§ EXERCISE PROMPT: Give again the entries below exactly, beginning at the first line and ending at the line with "Het bronzen (legering)".

(Data records)

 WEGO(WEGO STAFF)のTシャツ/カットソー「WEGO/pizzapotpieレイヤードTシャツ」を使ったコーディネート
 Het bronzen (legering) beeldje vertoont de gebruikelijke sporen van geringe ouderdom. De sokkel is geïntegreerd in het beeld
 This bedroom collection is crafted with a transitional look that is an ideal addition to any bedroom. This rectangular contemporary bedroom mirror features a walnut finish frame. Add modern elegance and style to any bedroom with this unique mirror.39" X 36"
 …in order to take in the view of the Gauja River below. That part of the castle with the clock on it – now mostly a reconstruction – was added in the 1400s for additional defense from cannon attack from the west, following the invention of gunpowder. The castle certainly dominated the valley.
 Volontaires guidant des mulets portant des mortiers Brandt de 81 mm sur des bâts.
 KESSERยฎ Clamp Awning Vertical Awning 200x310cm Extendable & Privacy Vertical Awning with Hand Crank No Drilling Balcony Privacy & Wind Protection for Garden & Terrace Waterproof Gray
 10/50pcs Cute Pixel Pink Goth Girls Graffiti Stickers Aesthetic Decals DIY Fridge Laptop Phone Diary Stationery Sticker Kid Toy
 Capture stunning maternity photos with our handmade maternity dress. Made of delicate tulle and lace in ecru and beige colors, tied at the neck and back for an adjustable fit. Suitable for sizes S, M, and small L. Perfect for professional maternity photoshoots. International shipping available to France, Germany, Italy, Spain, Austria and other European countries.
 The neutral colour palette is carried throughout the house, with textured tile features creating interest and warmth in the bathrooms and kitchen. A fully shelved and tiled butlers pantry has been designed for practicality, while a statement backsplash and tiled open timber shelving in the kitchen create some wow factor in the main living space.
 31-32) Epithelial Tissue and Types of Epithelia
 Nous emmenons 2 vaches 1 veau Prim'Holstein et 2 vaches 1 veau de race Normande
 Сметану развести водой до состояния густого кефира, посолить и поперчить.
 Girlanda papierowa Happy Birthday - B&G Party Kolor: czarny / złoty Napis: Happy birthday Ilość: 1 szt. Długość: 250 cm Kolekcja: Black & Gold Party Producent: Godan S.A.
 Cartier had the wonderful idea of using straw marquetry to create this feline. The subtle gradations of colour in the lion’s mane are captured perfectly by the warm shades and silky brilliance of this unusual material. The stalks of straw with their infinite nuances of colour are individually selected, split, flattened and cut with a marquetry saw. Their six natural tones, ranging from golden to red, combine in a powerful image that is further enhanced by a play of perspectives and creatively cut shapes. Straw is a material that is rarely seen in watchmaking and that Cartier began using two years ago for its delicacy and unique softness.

§ SOLUTION TO THIS EXERCISE:
 WEGO(WEGO STAFF)のTシャツ/カットソー「WEGO/pizzapotpieレイヤードTシャツ」を使ったコーディネート
 Het bronzen (legering) beeldje vertoont de gebruikelijke sporen van geringe ouderdom. De sokkel is geïntegreerd in het beeld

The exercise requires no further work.